Connecting Mens Rea and Actus Reus: Toward a New Theory of Correspondence

The justifiable imposition of criminal liability requires more than possession of mens rea and performance of an actus reus. A defendant’s mens rea and actus reus must also connect in a particular way. While this is a well-recognized principle in Anglo-American criminal law, the nature of the required connection—“correspondence”—is poorly understood.

This Article identifies three conflicting existent theories of correspondence from the criminal legal literature and from judicial reasoning: contemporaneity theory, actuation theory, and normative theory. According to contemporaneity theory, correspondence requires that mens rea overlap in time with the actus reus. According to actuation theory, correspondence requires that mens rea cause the actus reus in a particular way. According to normative theory, correspondence requires that certain normative facts be true—for example, that an actus reus be a moral wrongdoing in virtue of the defendant’s mens rea.

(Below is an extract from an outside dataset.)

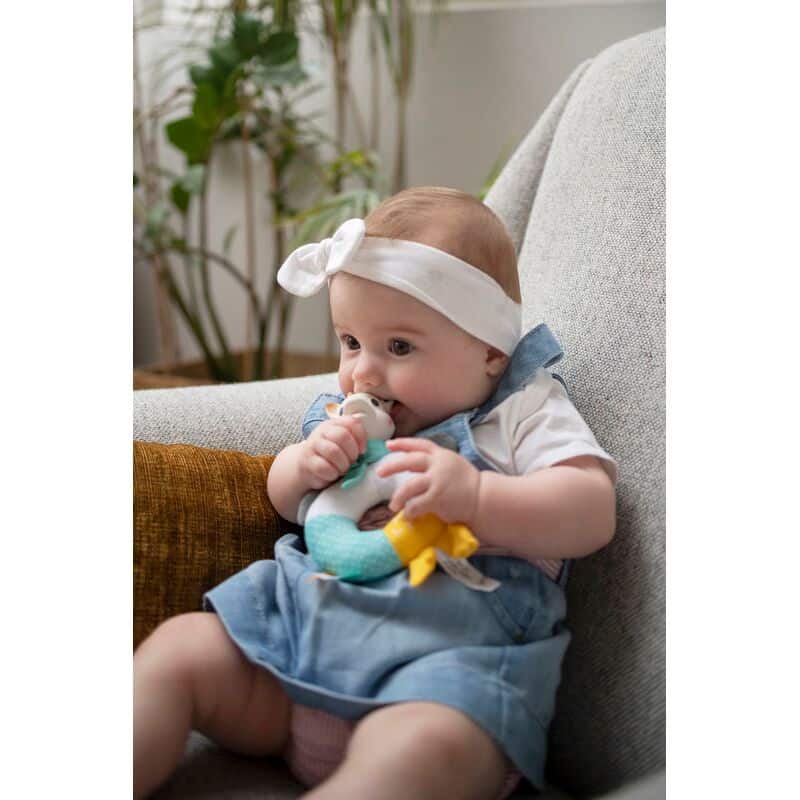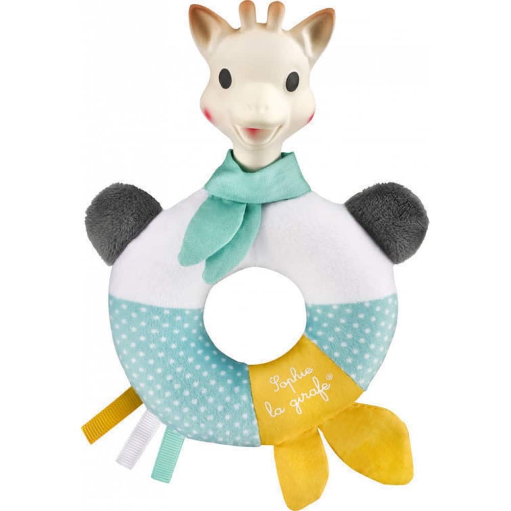 Ο τέλειος συνδυασμός μεταξύ του καουτσούκ και του υφάσματος βρίσκεται σε αυτή την χαρούμενη κουδουνίστρα της Σόφις της καμηλοπάρδαλης που θα ηρεμήσει και διασκεδάσει ταυτόχρονα το μωράκι σας!

In this Article, I argue each existent theory shares a common flaw: Each theory supposes a necessary condition for correspondence that is not genuinely necessary. In the absence of a better theory, there is no reliable way of sorting out defendants who should be acquitted for lacking correspondence from those defendants who need not, and courts cannot provide honest explanations for why a defendant falls in one or the other group.

I go on to harness what is useful about existent theories to propose a path toward a better theory of correspondence. Normative theory points the way to a “job description” for correspondence—a posit regarding what work correspondence performs in securing the truth of claims about the justifiable imposition of criminal liability. The posit is that correspondence operates to ground a defendant’s moral culpability for performance of an actus reus in virtue of mens rea. With this job description in hand, one can appreciate that unlike contemporaneity, actuation proves sufficient for correspondence. A new theory of correspondence should build off actuation theory by locating similarities between actuation and other relations that can do the work of grounding moral culpability.

I conclude by noting how a theory of correspondence can provide payoffs beyond criminal law—within any doctrinal arena that has come to be “criminal-law-like” through a dichotomization of thought and conduct.